Given data below:

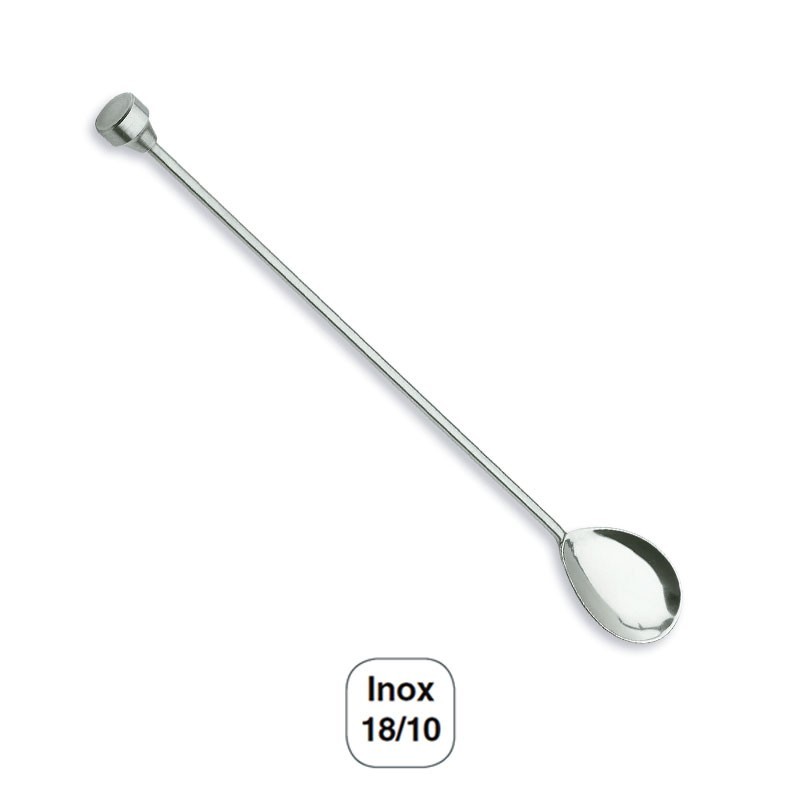 Cucharilla de 24,5 cm de largo para preparación de cócteles, y fabricada en acero inoxidable de gran calidad y resistencia a la corrosión.
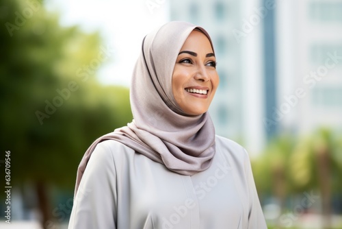 portrait of happy muslim woman in hijab looking at camera outdoors
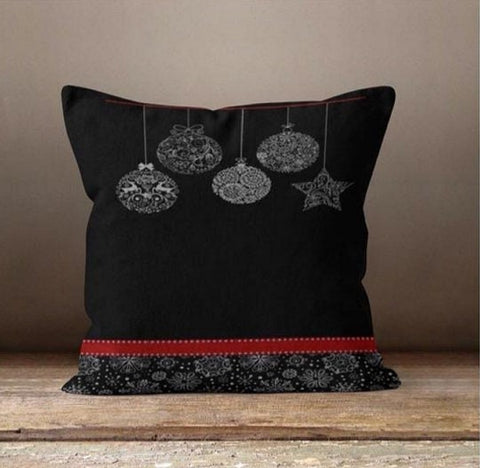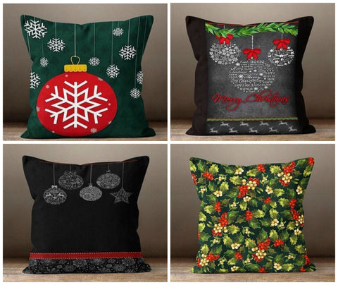 Christmas Pillow Cover|Black Christmas Decor|Decorative Winter Pillows Case|Floral Snowflake Xmas Throw Pillow|Xmas Gift|Outdoor Pillow Case

End of Given data.

Exercise: Reproduce all of the data exactly; the pictures do not belong in the copy.

Expected output:
 Cucharilla de 24,5 cm de largo para preparación de cócteles, y fabricada en acero inoxidable de gran calidad y resistencia a la corrosión.
 portrait of happy muslim woman in hijab looking at camera outdoors
 Christmas Pillow Cover|Black Christmas Decor|Decorative Winter Pillows Case|Floral Snowflake Xmas Throw Pillow|Xmas Gift|Outdoor Pillow Case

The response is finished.